Внезапно Александру на нос упала холодная снежинка. Он уже давно чувствовал, что даже у костра холодно, но только сейчас осознал, насколько.

Белые мухи. Они вернулись. И скоро их было уже видимо-невидимо.

— Вот это да, — присвистнул Кириллов.

— И чо? Мы живем в Сибири, а не в Калифорнии, — хмыкнул Слава Краснов. — Такое почти каждый год бывало. Нам же обмундирование дали.

— Да тут как бы зимнее не понадобилось. И как бы урожай не померз, — Данилов почувствовал, что трясется, как в лихорадке. Отчасти от слабого морозца — минус пять, не ниже, отчасти от стужи внутри. Сердцем он уже ощущал приближение зимы.

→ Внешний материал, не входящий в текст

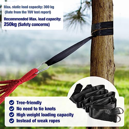 Sistema di Sospensione: Viene fornito con cinghie in nylon ad alta densità rispettose degli alberi e 2 moschettoni, che rendono facile montare e smontare l'amaca senza danneggiare gli alberi. Questo tipo di sistema di sospensione ti offre maggiore comfort e sicurezza dell'amaca ed è abbastanza resistente da sostenere il peso dell'amaca e dei suoi occupanti.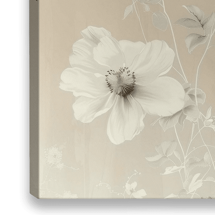 Blumen im japanischen Stil im neuen Landhausstil. Weiße Blumen auf einem taupefarbenen Hintergrund. Wählen Sie Ihre eigene Größe und Material für diese Arbeit und machen Sie es zu einem echten Blickfang für Ihr Interieur.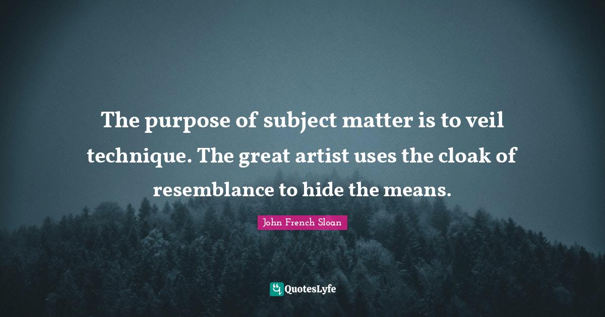 This page presents the quote "The purpose of subject matter is to veil technique. The great artist uses the cloak of resemblance to hide the means.". Author of this quote is John French Sloan. This quote is about purpose, technique, resemblance, mean, artist, great artist, subject matter,.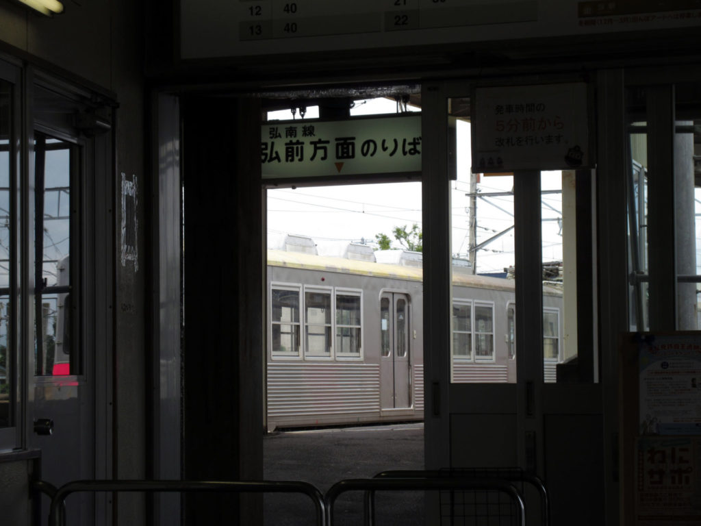 次の目的地である、2泊目の宿泊地である大鰐温泉を目指すため、弘南線沿線の駅前温泉めぐりはここでおしまい。1時間後の弘前行きの列車に乗り、弘前へと戻る。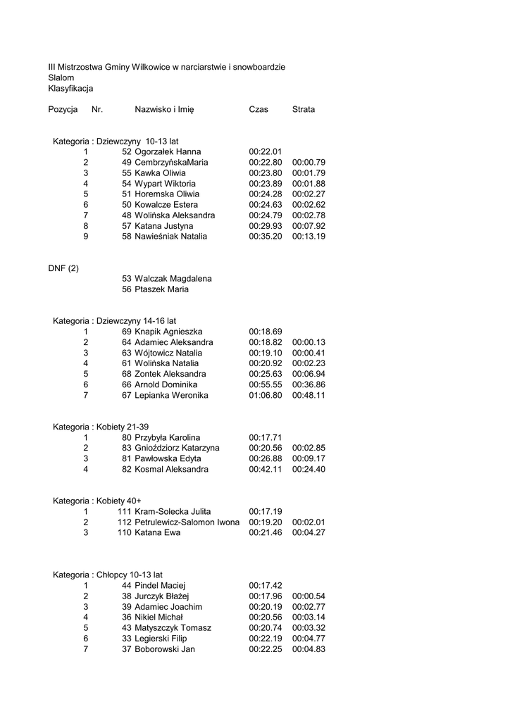 III Mistrzostwa Gminy Wilkowice w narciarstwie i snowboardzie Slalom Klasyfikacja Pozycja Nr. Nazwisko i Imię Czas Strata 00:22.01 00:22.80 00:23.80 00:23.89 00:24.28 00:24.63 00:24.79 00:29.93 00:35.20 00:00.79 00:01.79 00:01.88 00:02.27 00:02.62 00:02.78 00:07.92 00:13.19 Kategoria : Dziewczyny 14-16 lat 1 69 Knapik Agnieszka 2 64 Adamiec Aleksandra 3 63 Wójtowicz Natalia 4 61 Wolińska Natalia 5 68 Zontek Aleksandra 6 66 Arnold Dominika 7 67 Lepianka Weronika 00:18.69 00:18.82 00:19.10 00:20.92 00:25.63 00:55.55 01:06.80 00:00.13 00:00.41 00:02.23 00:06.94 00:36.86 00:48.11 Kategoria : Kobiety 21-39 1 80 Przybyła Karolina 2 83 Gnioździorz Katarzyna 3 81 Pawłowska Edyta 4 82 Kosmal Aleksandra 00:17.71 00:20.56 00:26.88 00:42.11 00:02.85 00:09.17 00:24.40 Kategoria : Kobiety 40+ 1 111 Kram-Solecka Julita 2 112 Petrulewicz-Salomon Iwona 3 110 Katana Ewa 00:17.19 00:19.20 00:21.46 00:02.01 00:04.27 Kategoria : Chłopcy 10-13 lat 1 44 Pindel Maciej 2 38 Jurczyk Błażej 3 39 Adamiec Joachim 4 36 Nikiel Michał 5 43 Matyszczyk Tomasz 6 33 Legierski Filip 7 37 Boborowski Jan 00:17.42 00:17.96 00:20.19 00:20.56 00:20.74 00:22.19 00:22.25 00:00.54 00:02.77 00:03.14 00:03.32 00:04.77 00:04.83 Kategoria : Dziewczyny 10-13 lat 1 52 Ogorzałek Hanna 2 49 CembrzyńskaMaria 3 55 Kawka Oliwia 4 54 Wypart Wiktoria 5 51 Horemska Oliwia 6 50 Kowalcze Estera 7 48 Wolińska Aleksandra 8 57 Katana Justyna 9 58 Nawieśniak Natalia DNF (2) 53 Walczak Magdalena 56 Ptaszek Maria 8 9 10 11 12 13 14 15 16 46 40 45 41 47 29 42 32 28 Strzelec Jan Gilowski Łukasz Ludwig Patryk Mularczyk Piotr Nawieśniak Mateusz Tymich Szymon Świecak Maciej Rozumikiewicz Jakub Buława Filip 00:22.33 00:24.52 00:25.17 00:25.24 00:26.15 00:27.09 00:29.10 00:35.18 00:36.02 00:04.91 00:07.10 00:07.75 00:07.82 00:08.73 00:09.67 00:11.68 00:17.76 00:18.60 Kategoria : Chłopcy 14-16 lat 1 74 Arnold Filip 2 72 Kowalcze Maciej 3 71 Kurowski Krystian 3 70 Kępys Dominik 5 76 Kula Przemysław 6 75 Cader Sebastian 7 73 Jurczyk Igor 8 77 Śpiewak Dawid 9 79 Żur Marek 10 78 Ludwig Mikołaj 00:16.23 00:16.54 00:17.09 00:17.09 00:18.49 00:20.78 00:22.06 00:22.80 00:23.31 00:24.16 00:00.31 00:00.86 00:00.86 00:02.26 00:04.55 00:05.83 00:06.57 00:07.08 00:07.93 Kategoria : Mężczyźni 17-20 lat 1 84 Nikiel Aleksander 2 85 Kurowski Patryk 3 86 Krupa Krzysztof 00:16.32 00:17.29 00:17.68 00:00.97 00:01.36 Kategoria : Mężczyźni 21-39 lat 1 92 Szymanek Daniel 2 91 Horemski Adam 3 88 Kochaj Jerzy 4 98 Legierski Wojciech 5 89 Przybyła Bartłomiej 6 99 Krupa Piotr 7 87 Tymich Grzegorz 8 94 Maślanka Michał 9 96 Michalak Mateusz 10 97 Koper Patryk 11 100 Stwora Paweł 12 95 Handzlik Michał 00:15.46 00:15.95 00:16.09 00:16.61 00:16.92 00:16.95 00:18.55 00:18.62 00:18.70 00:20.74 00:21.86 00:55.74 00:00.49 00:00.63 00:01.15 00:01.46 00:01.49 00:03.09 00:03.16 00:03.24 00:05.28 00:06.40 00:40.28 00:16.24 00:16.25 00:17.07 00:17.10 00:17.19 00:17.45 00:00.01 00:00.83 00:00.86 00:00.95 00:01.21 DNF (1) 93 Maślanka Maciej Kategoria : Mężczyźni 40+ 1 117 Salamon Jacek 2 127 Jurczyk Grzegorz 3 134 Mika Edward 4 131 Mikołajek Zbigniew 5 130 Mikołajek Wiesław 6 114 Kępys Marcin 7 8 9 10 11 12 13 14 15 16 17 18 19 20 21 22 125 119 132 124 118 135 122 121 120 133 141 129 128 143 123 136 Łaciak Franciszek Solecki Andrzej Kwaśny Piotr Kubica Stanisław Katana Tomasz Adamiec Aleksander Żur Marcin Nikiel Piotr Przybyła Janusz Katana Mieczysław Mularczyk Sylwester Kawka Piotr Herman Sławomir Grzędziski Sławomir Maślank Franciszek Nycz Tomasz 00:18.41 00:18.87 00:19.03 00:19.14 00:19.39 00:20.16 00:21.31 00:21.47 00:21.73 00:22.34 00:24.58 00:25.54 00:26.35 00:26.88 00:30.49 00:30.95 00:02.17 00:02.63 00:02.79 00:02.90 00:03.15 00:03.92 00:05.07 00:05.23 00:05.49 00:06.10 00:08.34 00:09.30 00:10.11 00:10.64 00:14.25 00:14.71 00:26.23 00:27.10 00:35.55 00:38.00 00:46.18 00:00.87 00:09.32 00:11.77 00:19.95 DSQ (1) 126 Wójtowicz Michał Kategoria : S 1 2 3 4 5 142 138 137 139 140 Szczygłowski Tomasz Pucher Piotr Szlachtowski Michał Kalarus Jakub Obtułowicz Kacper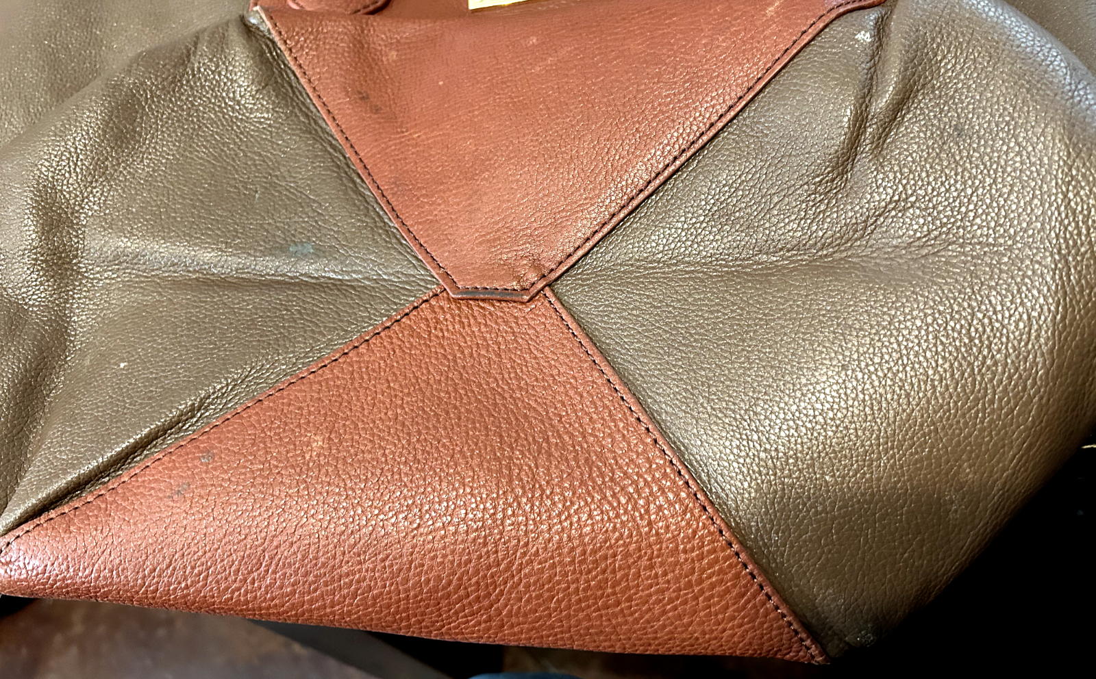 - Liz Clairborne Rust & Brown Leather w/PVC Trim Tote Bag (14 x 12 x 9 inches)

Как оказалось, город взорвали планово, без героизма и замыкания проводков зубами подрывника-смертника. Минирование проводилось под руководством Артура Войкова из Ямантау, имевшего опыт минирования. Заложенная на третьем этаже здания Горсовета слегка доработанная авиабомба взорвалась как тридцать тонн тротила в тот момент, когда в радиусе поражения находились почти все алтайцы. Этим все и объяснялось. Удерживать позиции, создавать очаги сопротивления в городе надо было до последнего, иначе враг мог что-нибудь заподозрить. И по этой же причине до последнего часа никого нельзя было ставить в известность о взрыве.

В огненном аду погибло больше половины врагов. Остальные были ранены и дезориентированы и стали легкой добычей для защитников, которые вышли из заранее устроенных в подвалах убежищ. Уж в том, как сидеть в убежища, опыт у них был громадный. Одновременно жители лояльных Подгорному деревень замкнули кольцо, не дав никому из них убежать.

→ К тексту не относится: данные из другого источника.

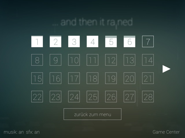 Wer vom sanften Plätschern eines Regengusses, vermischt mit entferntem Donnergrollen und zuckenden Blitzen nicht genug bekommen kann, sollte sich definitiv And Then It Rained (App Store-Link) genauer ansehen, das mit minimalistischen Grafiken und einem sehr entspannenden Soundtrack daher kommt. Zum Preis von 1,79 Euro gibt es ein knapp 37 MB großes Game, das auf iPhones, iPod Touch und iPads installiert werden kann, die mindestens über iOS 4.3 verfügen.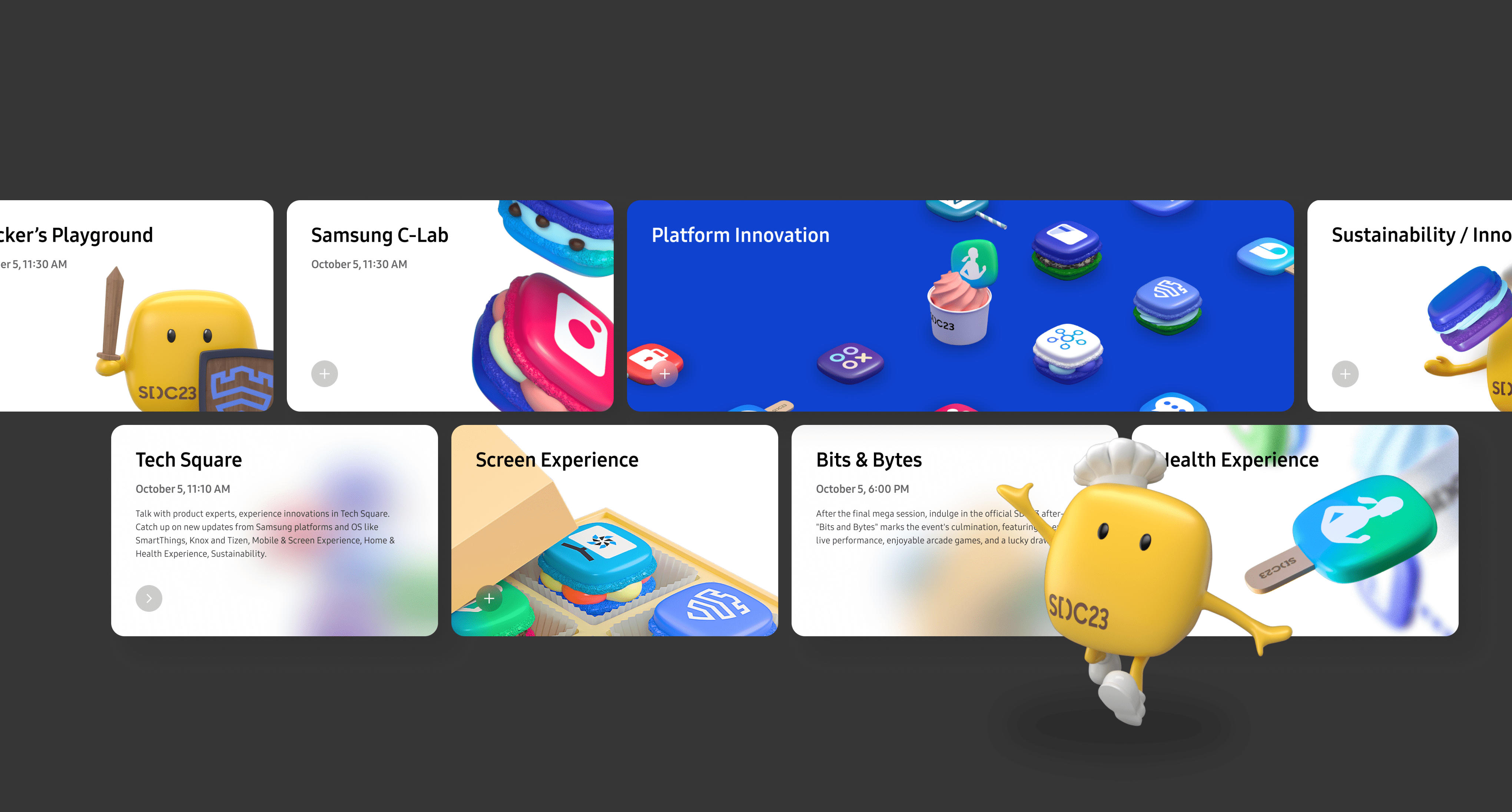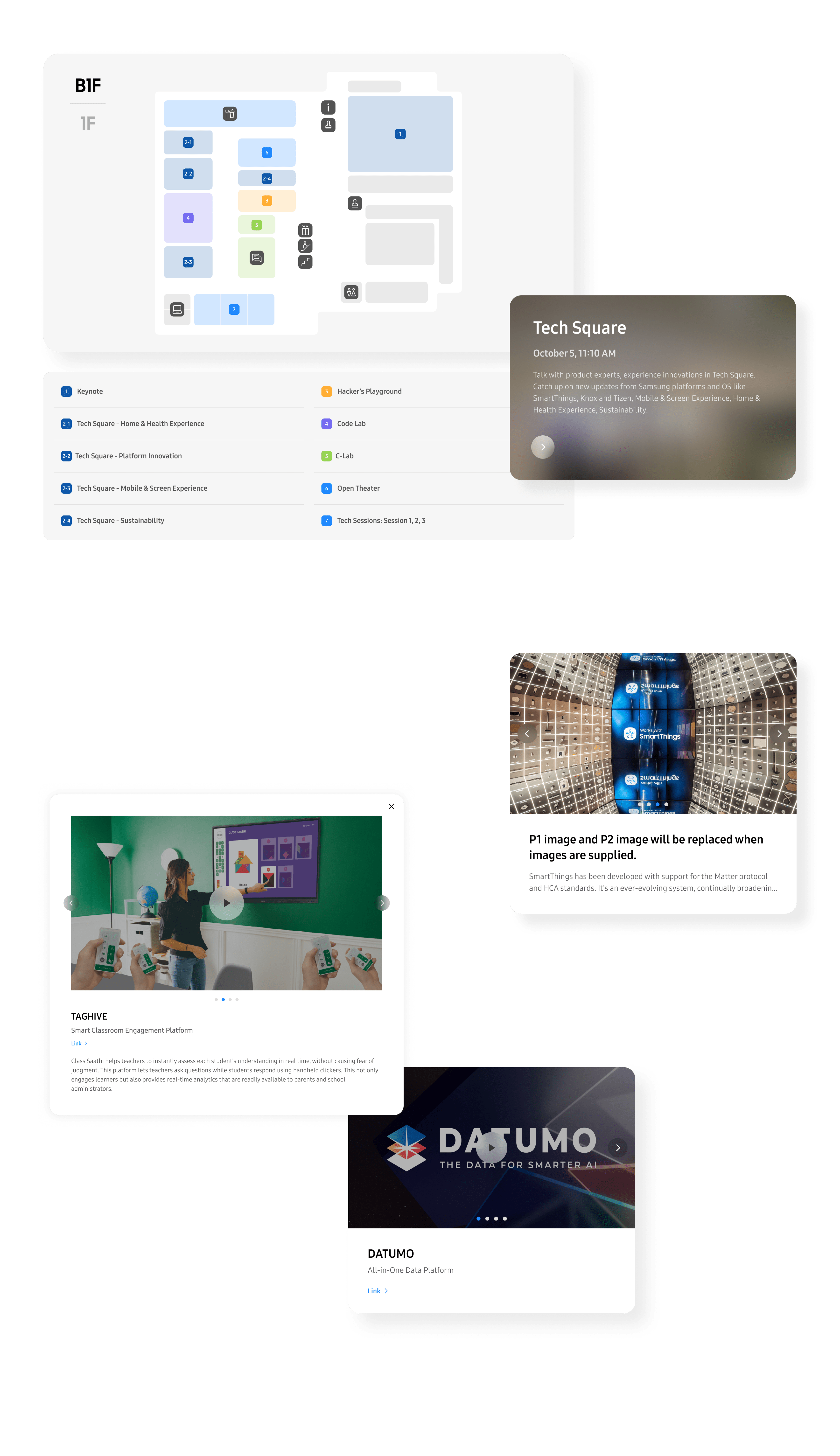 오프라인에서 경험할 수 있는 다양한 현장 이벤트 콘텐츠를 Online, On-site 참여자 모두 유용하게 이용할 수 있도록 제공합니다.주제별 전시 콘텐츠를 확인가능한 Tech Square와,삼성 기업 벤처 및 스타트업 정보를 확인할 수 있는 Samsung C-Lab 메뉴에 접근할 수 있습니다.

Примерно половина алтайцев погибла, сгорела заживо или получила несовместимые с жизнью травмы при взрыве. Из оставшихся большинство из-за баротравм была не в состоянии оказывать сопротивления. Но повоевать и после применения чудо-оружия все-таки пришлось.

В полдень вдоль улицы Советской были выстроены в шеренги оборванные и израненные бойцы еще недавно грозной армии Сибаргопрома. Их окружала редкая цепь вооруженных автоматами бойцов ополчения.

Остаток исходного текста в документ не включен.